Collection entries:

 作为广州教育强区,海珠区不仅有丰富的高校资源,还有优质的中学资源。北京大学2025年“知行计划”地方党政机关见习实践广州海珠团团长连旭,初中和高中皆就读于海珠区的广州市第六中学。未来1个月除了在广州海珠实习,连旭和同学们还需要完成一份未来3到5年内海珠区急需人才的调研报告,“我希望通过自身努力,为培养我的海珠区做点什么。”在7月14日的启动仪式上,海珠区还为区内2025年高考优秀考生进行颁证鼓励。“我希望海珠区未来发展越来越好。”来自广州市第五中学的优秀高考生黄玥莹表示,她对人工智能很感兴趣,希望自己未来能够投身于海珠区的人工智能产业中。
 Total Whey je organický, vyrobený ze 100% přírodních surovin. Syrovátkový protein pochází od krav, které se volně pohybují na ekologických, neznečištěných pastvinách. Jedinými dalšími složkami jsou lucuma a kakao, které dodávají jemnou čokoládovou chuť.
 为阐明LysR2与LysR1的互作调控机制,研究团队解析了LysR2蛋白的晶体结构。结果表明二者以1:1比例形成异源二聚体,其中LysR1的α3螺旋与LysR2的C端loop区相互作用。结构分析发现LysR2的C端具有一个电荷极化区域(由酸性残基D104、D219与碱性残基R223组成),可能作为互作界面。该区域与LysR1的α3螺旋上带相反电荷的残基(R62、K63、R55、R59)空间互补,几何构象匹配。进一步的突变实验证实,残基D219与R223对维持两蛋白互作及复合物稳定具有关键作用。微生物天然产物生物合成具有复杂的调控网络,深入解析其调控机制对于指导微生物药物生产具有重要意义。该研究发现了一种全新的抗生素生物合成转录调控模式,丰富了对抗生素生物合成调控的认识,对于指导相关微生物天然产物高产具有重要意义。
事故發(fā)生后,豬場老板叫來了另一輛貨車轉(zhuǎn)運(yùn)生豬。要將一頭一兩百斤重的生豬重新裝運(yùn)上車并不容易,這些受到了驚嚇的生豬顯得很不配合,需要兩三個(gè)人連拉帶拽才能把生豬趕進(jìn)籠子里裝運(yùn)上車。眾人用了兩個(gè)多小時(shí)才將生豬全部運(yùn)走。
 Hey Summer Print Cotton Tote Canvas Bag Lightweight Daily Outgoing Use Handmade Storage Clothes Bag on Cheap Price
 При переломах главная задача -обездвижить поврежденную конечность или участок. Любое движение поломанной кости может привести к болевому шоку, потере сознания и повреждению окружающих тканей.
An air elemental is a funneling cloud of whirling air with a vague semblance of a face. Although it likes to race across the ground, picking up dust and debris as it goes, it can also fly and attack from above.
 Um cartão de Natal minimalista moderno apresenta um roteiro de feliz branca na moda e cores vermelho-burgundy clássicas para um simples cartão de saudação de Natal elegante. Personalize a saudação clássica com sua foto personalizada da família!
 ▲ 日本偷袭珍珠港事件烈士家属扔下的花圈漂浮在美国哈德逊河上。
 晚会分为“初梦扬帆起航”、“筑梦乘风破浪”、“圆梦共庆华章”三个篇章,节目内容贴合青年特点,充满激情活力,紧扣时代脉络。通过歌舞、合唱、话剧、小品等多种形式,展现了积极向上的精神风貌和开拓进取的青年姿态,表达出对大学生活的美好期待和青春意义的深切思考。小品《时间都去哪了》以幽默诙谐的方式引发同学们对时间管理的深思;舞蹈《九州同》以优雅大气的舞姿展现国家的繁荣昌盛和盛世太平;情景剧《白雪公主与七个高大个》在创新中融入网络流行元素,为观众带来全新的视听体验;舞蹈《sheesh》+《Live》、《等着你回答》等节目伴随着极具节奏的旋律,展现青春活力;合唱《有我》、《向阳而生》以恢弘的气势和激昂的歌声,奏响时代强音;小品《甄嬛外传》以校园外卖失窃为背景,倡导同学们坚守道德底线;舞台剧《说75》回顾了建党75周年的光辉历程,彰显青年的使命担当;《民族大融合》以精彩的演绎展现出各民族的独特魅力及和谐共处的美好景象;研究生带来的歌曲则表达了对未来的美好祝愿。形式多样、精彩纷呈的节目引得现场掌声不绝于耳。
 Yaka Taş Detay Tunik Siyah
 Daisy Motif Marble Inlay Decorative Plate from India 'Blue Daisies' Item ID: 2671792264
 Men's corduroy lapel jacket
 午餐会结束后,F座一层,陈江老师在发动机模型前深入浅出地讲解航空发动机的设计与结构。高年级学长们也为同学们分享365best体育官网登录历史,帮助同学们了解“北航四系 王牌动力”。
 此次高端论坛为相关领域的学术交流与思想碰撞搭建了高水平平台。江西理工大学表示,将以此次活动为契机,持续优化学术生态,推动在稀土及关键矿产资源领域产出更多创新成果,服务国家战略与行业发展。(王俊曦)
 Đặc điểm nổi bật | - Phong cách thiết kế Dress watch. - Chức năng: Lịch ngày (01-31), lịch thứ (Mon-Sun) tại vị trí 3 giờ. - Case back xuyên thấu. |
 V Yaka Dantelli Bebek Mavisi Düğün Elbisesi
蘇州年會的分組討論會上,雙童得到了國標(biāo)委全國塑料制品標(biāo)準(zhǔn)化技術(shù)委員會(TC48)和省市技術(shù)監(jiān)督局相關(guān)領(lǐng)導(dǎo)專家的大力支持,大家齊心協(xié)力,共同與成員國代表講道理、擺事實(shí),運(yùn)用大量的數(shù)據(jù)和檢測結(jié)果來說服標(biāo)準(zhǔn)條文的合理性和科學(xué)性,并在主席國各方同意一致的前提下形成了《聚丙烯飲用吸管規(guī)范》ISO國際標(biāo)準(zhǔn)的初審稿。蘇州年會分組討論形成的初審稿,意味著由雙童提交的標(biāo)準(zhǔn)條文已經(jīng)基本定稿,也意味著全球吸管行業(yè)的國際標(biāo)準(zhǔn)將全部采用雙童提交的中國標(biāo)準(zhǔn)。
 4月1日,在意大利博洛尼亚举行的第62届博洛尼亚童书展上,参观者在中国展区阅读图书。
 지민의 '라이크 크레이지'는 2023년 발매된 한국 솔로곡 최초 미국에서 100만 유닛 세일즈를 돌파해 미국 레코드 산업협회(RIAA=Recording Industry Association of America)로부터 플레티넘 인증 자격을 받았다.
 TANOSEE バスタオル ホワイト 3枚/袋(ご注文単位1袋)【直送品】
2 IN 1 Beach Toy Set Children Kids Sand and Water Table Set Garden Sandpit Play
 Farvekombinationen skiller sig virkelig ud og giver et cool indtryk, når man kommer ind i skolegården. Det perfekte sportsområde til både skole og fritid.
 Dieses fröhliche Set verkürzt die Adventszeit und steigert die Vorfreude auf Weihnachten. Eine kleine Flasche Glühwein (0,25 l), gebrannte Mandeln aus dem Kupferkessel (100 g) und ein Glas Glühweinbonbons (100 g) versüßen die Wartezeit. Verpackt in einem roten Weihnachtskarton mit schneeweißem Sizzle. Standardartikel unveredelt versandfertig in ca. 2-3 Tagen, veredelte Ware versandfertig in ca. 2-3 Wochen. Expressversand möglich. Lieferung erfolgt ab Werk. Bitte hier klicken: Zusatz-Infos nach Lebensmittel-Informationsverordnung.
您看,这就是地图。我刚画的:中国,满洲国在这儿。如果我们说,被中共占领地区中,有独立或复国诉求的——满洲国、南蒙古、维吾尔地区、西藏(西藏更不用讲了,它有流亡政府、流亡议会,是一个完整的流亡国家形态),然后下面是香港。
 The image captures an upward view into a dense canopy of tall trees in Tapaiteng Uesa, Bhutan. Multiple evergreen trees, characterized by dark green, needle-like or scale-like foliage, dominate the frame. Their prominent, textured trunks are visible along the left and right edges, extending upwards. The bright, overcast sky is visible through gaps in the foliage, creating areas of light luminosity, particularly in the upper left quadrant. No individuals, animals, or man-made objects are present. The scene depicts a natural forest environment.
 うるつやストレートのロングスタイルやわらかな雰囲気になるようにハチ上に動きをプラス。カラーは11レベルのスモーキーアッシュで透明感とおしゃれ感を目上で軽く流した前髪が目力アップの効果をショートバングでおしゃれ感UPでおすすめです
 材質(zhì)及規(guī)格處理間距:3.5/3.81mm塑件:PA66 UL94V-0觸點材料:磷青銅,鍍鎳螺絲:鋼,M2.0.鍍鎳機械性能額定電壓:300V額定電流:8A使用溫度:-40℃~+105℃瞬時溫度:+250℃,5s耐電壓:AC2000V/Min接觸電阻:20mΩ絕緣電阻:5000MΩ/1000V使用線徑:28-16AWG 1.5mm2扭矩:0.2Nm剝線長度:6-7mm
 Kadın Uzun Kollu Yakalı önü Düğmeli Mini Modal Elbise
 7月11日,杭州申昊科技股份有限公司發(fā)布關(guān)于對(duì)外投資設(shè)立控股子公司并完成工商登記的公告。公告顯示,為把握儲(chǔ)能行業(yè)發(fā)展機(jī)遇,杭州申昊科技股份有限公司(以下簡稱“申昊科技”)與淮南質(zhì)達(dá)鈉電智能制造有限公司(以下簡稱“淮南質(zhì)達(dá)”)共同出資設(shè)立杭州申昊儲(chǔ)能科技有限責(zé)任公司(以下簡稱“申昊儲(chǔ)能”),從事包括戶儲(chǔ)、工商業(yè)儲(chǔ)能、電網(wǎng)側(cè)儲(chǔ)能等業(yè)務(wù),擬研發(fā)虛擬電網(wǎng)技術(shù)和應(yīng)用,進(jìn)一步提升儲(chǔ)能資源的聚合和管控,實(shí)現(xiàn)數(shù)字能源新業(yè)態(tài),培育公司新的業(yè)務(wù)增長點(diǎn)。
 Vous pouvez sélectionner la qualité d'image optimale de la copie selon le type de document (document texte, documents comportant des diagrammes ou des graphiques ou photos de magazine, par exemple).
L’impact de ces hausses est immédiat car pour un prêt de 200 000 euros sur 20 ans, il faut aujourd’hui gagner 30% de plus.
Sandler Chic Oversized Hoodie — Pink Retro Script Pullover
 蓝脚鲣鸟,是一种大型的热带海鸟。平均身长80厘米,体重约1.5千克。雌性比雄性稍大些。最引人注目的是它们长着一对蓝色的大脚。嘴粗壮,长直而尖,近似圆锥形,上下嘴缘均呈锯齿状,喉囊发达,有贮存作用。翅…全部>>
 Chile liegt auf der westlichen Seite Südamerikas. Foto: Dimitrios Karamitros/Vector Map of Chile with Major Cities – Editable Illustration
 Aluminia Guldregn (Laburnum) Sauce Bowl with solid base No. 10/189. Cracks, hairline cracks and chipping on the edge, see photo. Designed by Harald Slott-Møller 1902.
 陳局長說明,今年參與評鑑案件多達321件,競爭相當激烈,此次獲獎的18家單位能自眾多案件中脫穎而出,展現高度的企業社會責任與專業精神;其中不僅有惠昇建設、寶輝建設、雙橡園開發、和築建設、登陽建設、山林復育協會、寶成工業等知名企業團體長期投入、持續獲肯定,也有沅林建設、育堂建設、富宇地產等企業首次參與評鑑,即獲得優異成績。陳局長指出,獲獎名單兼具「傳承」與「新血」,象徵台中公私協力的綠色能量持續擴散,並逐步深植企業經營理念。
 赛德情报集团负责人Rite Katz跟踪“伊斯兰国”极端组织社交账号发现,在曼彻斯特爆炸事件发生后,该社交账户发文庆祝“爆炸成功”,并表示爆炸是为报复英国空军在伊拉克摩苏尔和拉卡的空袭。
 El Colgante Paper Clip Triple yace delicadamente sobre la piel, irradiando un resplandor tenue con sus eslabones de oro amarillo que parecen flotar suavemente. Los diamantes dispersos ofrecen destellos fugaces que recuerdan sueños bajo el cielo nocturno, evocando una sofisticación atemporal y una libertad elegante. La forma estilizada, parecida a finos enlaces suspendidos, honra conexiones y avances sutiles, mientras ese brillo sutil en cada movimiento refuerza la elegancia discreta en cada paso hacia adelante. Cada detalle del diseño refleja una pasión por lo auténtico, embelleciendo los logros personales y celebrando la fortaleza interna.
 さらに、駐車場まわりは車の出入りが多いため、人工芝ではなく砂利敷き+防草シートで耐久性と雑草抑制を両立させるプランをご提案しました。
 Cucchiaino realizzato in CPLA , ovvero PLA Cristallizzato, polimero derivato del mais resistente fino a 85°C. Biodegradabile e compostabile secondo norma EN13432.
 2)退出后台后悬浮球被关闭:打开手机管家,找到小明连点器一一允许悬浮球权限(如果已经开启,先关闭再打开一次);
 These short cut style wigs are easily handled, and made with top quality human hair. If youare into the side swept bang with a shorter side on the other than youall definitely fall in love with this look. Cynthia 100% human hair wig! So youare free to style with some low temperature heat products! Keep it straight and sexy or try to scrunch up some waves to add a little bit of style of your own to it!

TASK
The lines to copy are those in the records above containing the word "guān".

PROBLEM SOLUTION
蘇州年會的分組討論會上,雙童得到了國標(biāo)委全國塑料制品標(biāo)準(zhǔn)化技術(shù)委員會(TC48)和省市技術(shù)監(jiān)督局相關(guān)領(lǐng)導(dǎo)專家的大力支持,大家齊心協(xié)力,共同與成員國代表講道理、擺事實(shí),運(yùn)用大量的數(shù)據(jù)和檢測結(jié)果來說服標(biāo)準(zhǔn)條文的合理性和科學(xué)性,并在主席國各方同意一致的前提下形成了《聚丙烯飲用吸管規(guī)范》ISO國際標(biāo)準(zhǔn)的初審稿。蘇州年會分組討論形成的初審稿,意味著由雙童提交的標(biāo)準(zhǔn)條文已經(jīng)基本定稿,也意味著全球吸管行業(yè)的國際標(biāo)準(zhǔn)將全部采用雙童提交的中國標(biāo)準(zhǔn)。
 7月11日,杭州申昊科技股份有限公司發(fā)布關(guān)于對(duì)外投資設(shè)立控股子公司并完成工商登記的公告。公告顯示,為把握儲(chǔ)能行業(yè)發(fā)展機(jī)遇,杭州申昊科技股份有限公司(以下簡稱“申昊科技”)與淮南質(zhì)達(dá)鈉電智能制造有限公司(以下簡稱“淮南質(zhì)達(dá)”)共同出資設(shè)立杭州申昊儲(chǔ)能科技有限責(zé)任公司(以下簡稱“申昊儲(chǔ)能”),從事包括戶儲(chǔ)、工商業(yè)儲(chǔ)能、電網(wǎng)側(cè)儲(chǔ)能等業(yè)務(wù),擬研發(fā)虛擬電網(wǎng)技術(shù)和應(yīng)用,進(jìn)一步提升儲(chǔ)能資源的聚合和管控,實(shí)現(xiàn)數(shù)字能源新業(yè)態(tài),培育公司新的業(yè)務(wù)增長點(diǎn)。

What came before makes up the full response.